Karen yang mendengar hal itu langsung tambah merasa kesal dengan pria yang ia temui tadi diruang kerja,siapa lagi kalau bukan sang papa.


"Lain kali kalau tidak ada supir yang bisa mengantar mama dan Ren untuk pergi pemeriksaan kesehatan ataupun papa juga tak bisa,jangan pergi dan menyetir sendiri tunggu Karen pulang dulu biar Karen saja yang mengantar kalian"ujar Karen pada mamanya.


"Kalau Karen bilang jangan ya jangan,itu sangat berbahaya apalagi Ren masih sangat kecil untuk dibiarkan duduk sendiri di bangku penumpang"balas Karen tak menerima kalau mamanya menolak ucapannya.


"Baiklah kalau begitu,mama akan menunggumu pulang dulu"ujar mamanya Karen.


"Ngomong ngomong bagaimana suasana baru sekolahmu?"lanjut mamanya Karen bertanya soal sekolah sang putra.


"Baik dan cukup menarik"jawab Karen


"Mama tau kalau papamu pasti meminta mu untuk belajar terus menerus baik dalam urusan pelajaran sekolah maupun belajar mengenai perusahaan,tapi ingat jangan terlalu kelelahan dan usahakan untuk tetap cukup istirahat"ujar mamanya Karen memberi pesan pada putra bungsunya itu.


"Karen tau ma,jadi tak usah khawatir"saut Karen.


"Ingat kamu itu masih SMA dan tentunya masih remaja.Jadi tetap nikmati kehidupan remaja kamu walau hanya sedikit,jangan terus terus berkas berkas saja yang diurus nanti kamu malah jadi seperti papamu itu.Padahal hartanya saja sudah banyak cukup buat tujuh turunan mungkin tapi masih tetap gila kerja saja bahkan saat hari libur seperti ini"ujar sang mama masih lanjut menasehati Karen.


"Iya ma,Karen paham"saut Karen


"Baguslah kalau kamu paham,sekarang mending kamu ke kamar kamu gih,istirahat mumpung hari libur"suruh sang mama pada Karen.


"kalau gitu Karen pamit ke kamar dulu,Bai adik kakak"ujar Karen pamit ke kamarnya pada sang mama dan adiknya,kemudian bangkit dari posisinya berjalan kembali kearah tangga dan mulai menaiki satu persatu anak tangga tersebut.


"Mama kasian sama kamu Karen,bukan cuma sama kamu aja tapi sama kalian.Karena kesalahan dan keegoisan papa kamu dimasa lalu,kamu sama dia harus hidup kayak gini"gumam mamanya Karen dengan sangat pelan dan terdengar lirih sambil menatap punggung sang putra sulung yang mulai tak menjauh menaiki tangga menuju lantai atas.


Wanita itu langsung mengingat satu sosok perempuan yang dulu selalu hadir di samping Karen dan sangat dekat dengan Karen bahkan jauh lebih dekat dibanding dirinya dengan sang putra sulungnya itu.Tpi sekarang keduanya malah terlihat sangat jauh seperti tak pernah saling kenal dan bahkan perempuan itu berbalik menjadi sangat membenci keluarganya terutama terhadap putra sulung dan suaminya.

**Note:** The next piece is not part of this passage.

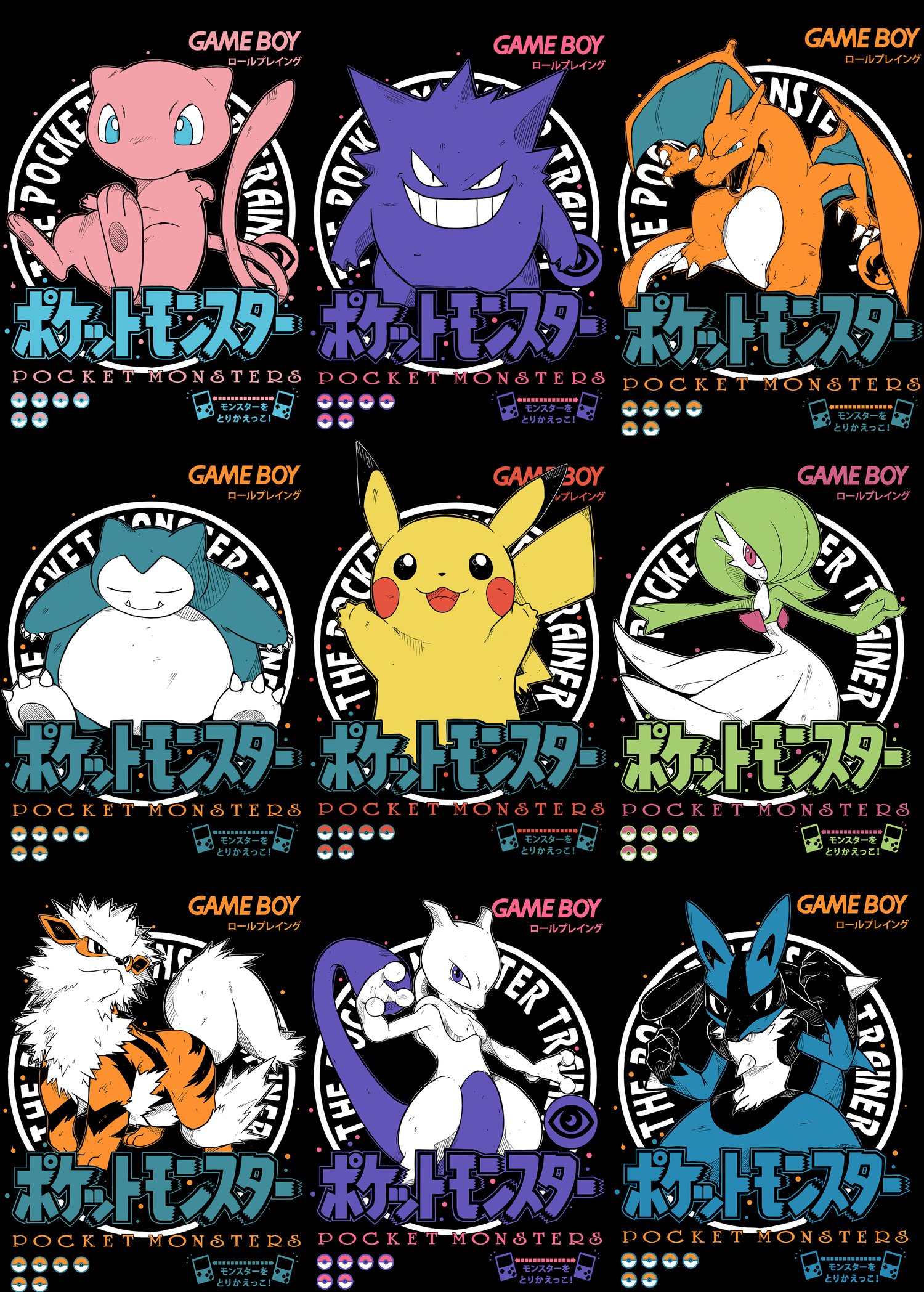 Diseño digital en alta resolución, inspirado en la fuerza, el estilo y la oscuridad de los personajes más icónicos de Pokemon: Mew, Gengar, Charizard, Snorlax, Pikachu, Gardevoir, Arcanine, Mewtwo, Lucario.

Disisi lain Karen memasuki kamar tidurnya dan kemudian mengunci pintu kamar itu agar tidak ada yang bisa masuk sembarangan atau mengganggunya,Remaja cowok itu langsung membaringkan tubuhnya secara telentang di atas kasur tempat tidurnya.


"Istirahat sebentar mungkin tak masalah" gumamnya pada diri sendiri.


Karen termenung sambil menatap kosong kearah langit langit kamarnya,ia memejamkan matanya mengingat ingat potongan potongan memori kenangan miliknya dengan seseorang yang sangat dekat dengannya dimasa lalu dan itu masih terekam jelas di kepalanya dan gak mungkin ia lupakan begitu saja terutama wajah gadis itu.


"Kak Rendra harus tetap sama aku ya,jangan tinggalin aku sendirian"pinta seseorang yang satu tahun lebih muda darinya.


"Tentu saja,Rendra janji bakal selalu ada buat Rara"jawab dirinya diwaktu itu.


"Mau janji sama aku?"tanya gadis itu sambil mengangkat jari kelingking,meminta dirinya di masa lalu berjanji.


"Tentu saja mau,seorang Rendra bakal bakal berjanji"ujarnya dengan penuh keyakinan dan optimisme kuat.


Setelah itu ia dan gadis itu berpelukan erat sambil menyalurkan rasa sayang masing masing.


Karen kembali membuka matanya,memutus ingatan itu karena ia sendiri masih tak kuat untuk mengulang ingatan itu lebih jauh lagi saat ini.


"Dulu gue begitu sok optimisnya memberi janji sama kamu,tapi akhirnya gue malah jadi pecundang yang gak pernah ingin kamu ingat Ra"ujar Karen sambil tersenyum getir dicampur perasaan miris pada dirinya sendiri.